= INSTRUCTIONS TO FOLLOW =
The lines to extract begin at the line that contains "Oil and acrylic" and run through the last line of the listing; reproduce them exactly, minus any pictures.

= DATASET EXTRACT =
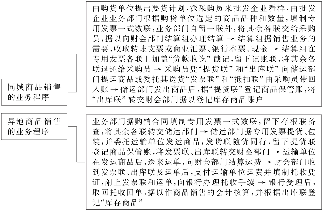 批发企业的销售业务一般是根据批准的销货计划,与购货单位订立购销合同,或由购货单位提出要货计划,然后有计划地组织供应的业务。商品销售按照地区不同,可分为同城销售和异地销售。
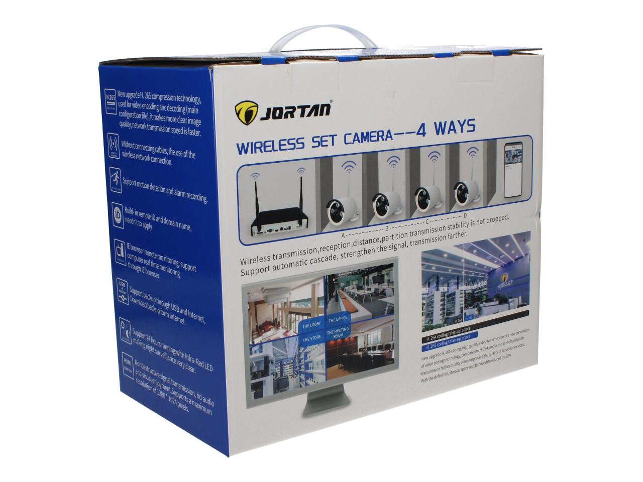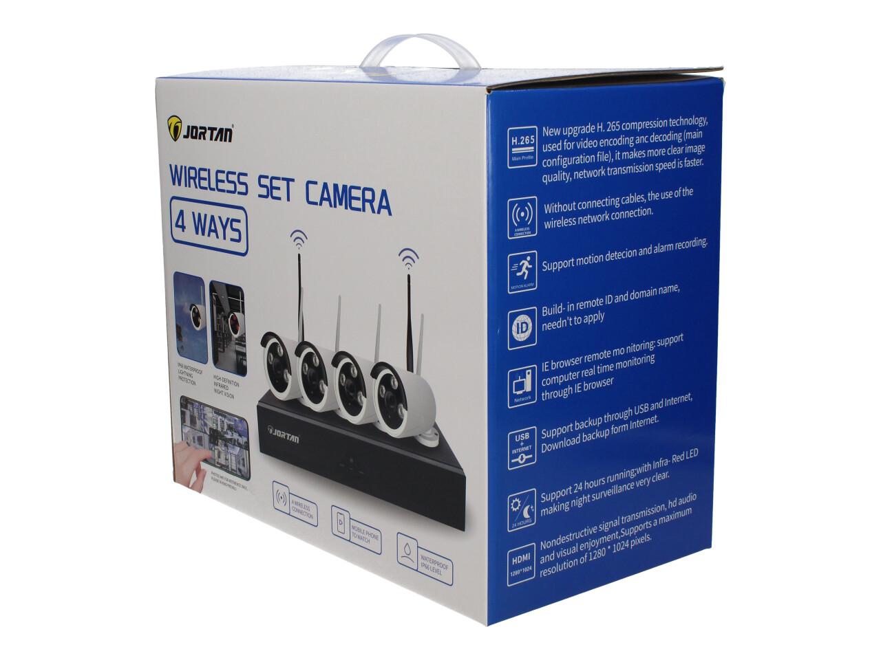 Bezdrátový kamerový set JORTAN je kompletní řešení pro zabezpečení domu, kanceláře, prodejny, chaty nebo garáže – bez složitého tahání kabelů. Set obsahuje 4× 1024P HD WiFi IP kameru a 4kanálový Wireless NVR rekordér (N6104), ve kterém je navíc zabudovaný WiFi router pro stabilní bezdrátové propojení kamer se záznamem.
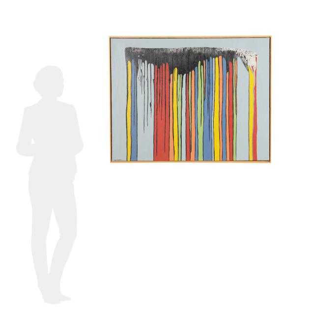 Oil and acrylic on canvas, 1968, signed at lower left, inscribed en verso, retaining gallery and exhibition labels, framed.
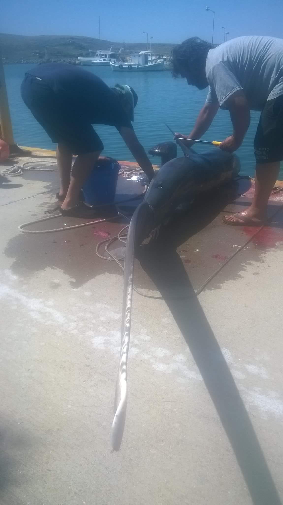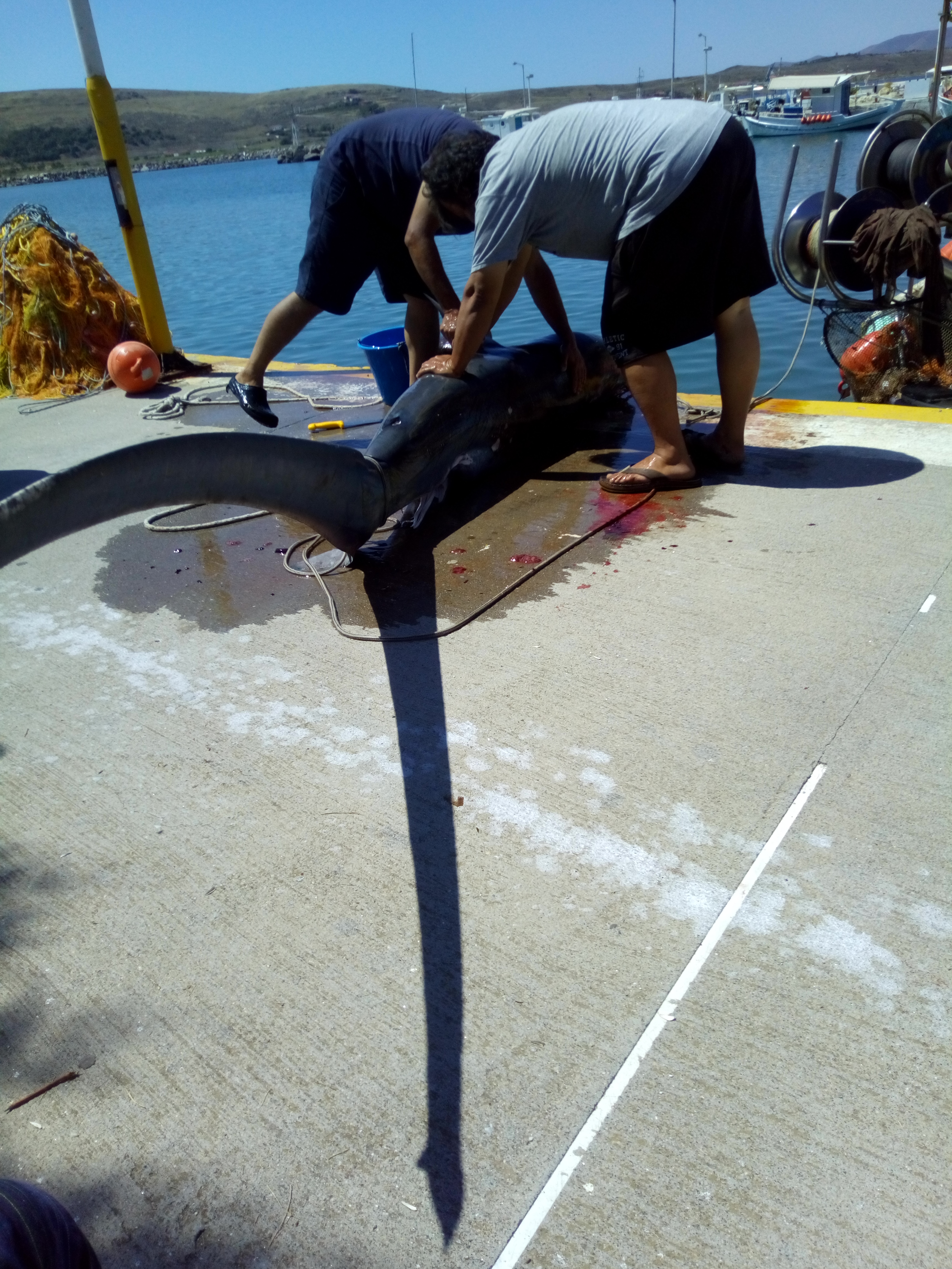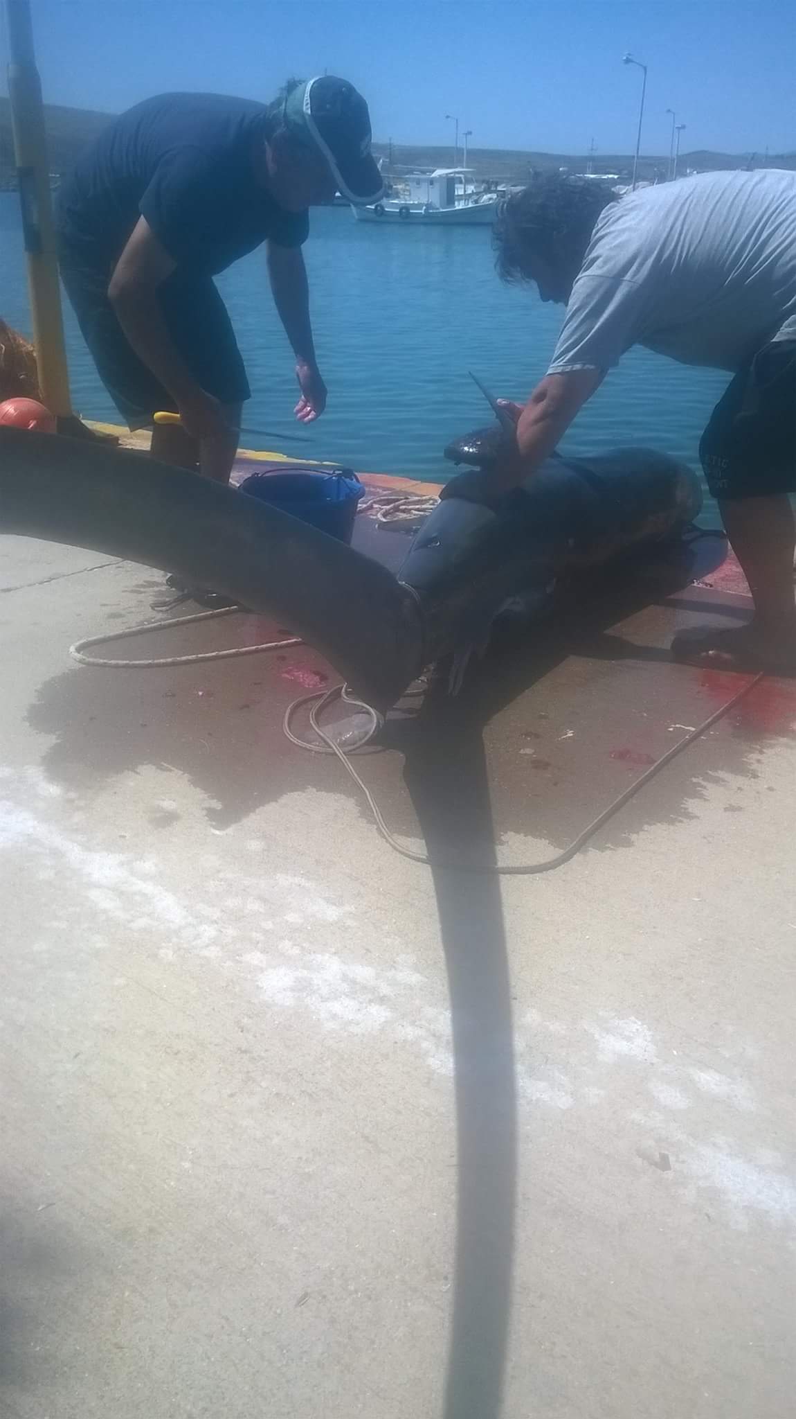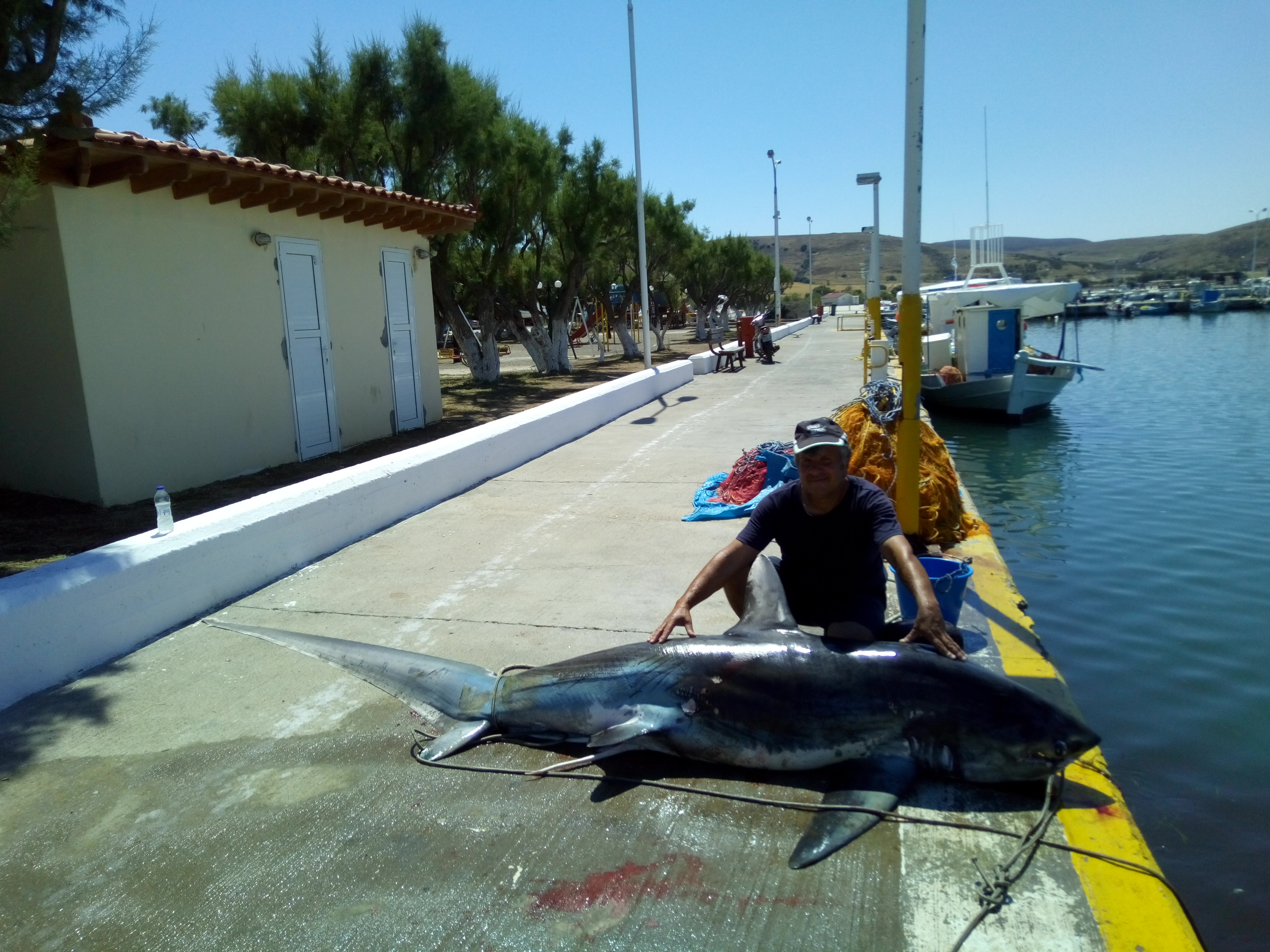 Συγκεκριμένα, το μεγάλο ψάρι αλιεύτηκε από τους ψαράδες Αντρέα Τσίκοβα και τον αδερφό του, Βαγγέλη, οι οποίοι ψάρευαν με το καΐκι τους "Καπετάν Αντρέας" στην περιοχή της Αγίας Ειρήνης.

= RESULT BELOW =
 Oil and acrylic on canvas, 1968, signed at lower left, inscribed en verso, retaining gallery and exhibition labels, framed.
 Συγκεκριμένα, το μεγάλο ψάρι αλιεύτηκε από τους ψαράδες Αντρέα Τσίκοβα και τον αδερφό του, Βαγγέλη, οι οποίοι ψάρευαν με το καΐκι τους "Καπετάν Αντρέας" στην περιοχή της Αγίας Ειρήνης.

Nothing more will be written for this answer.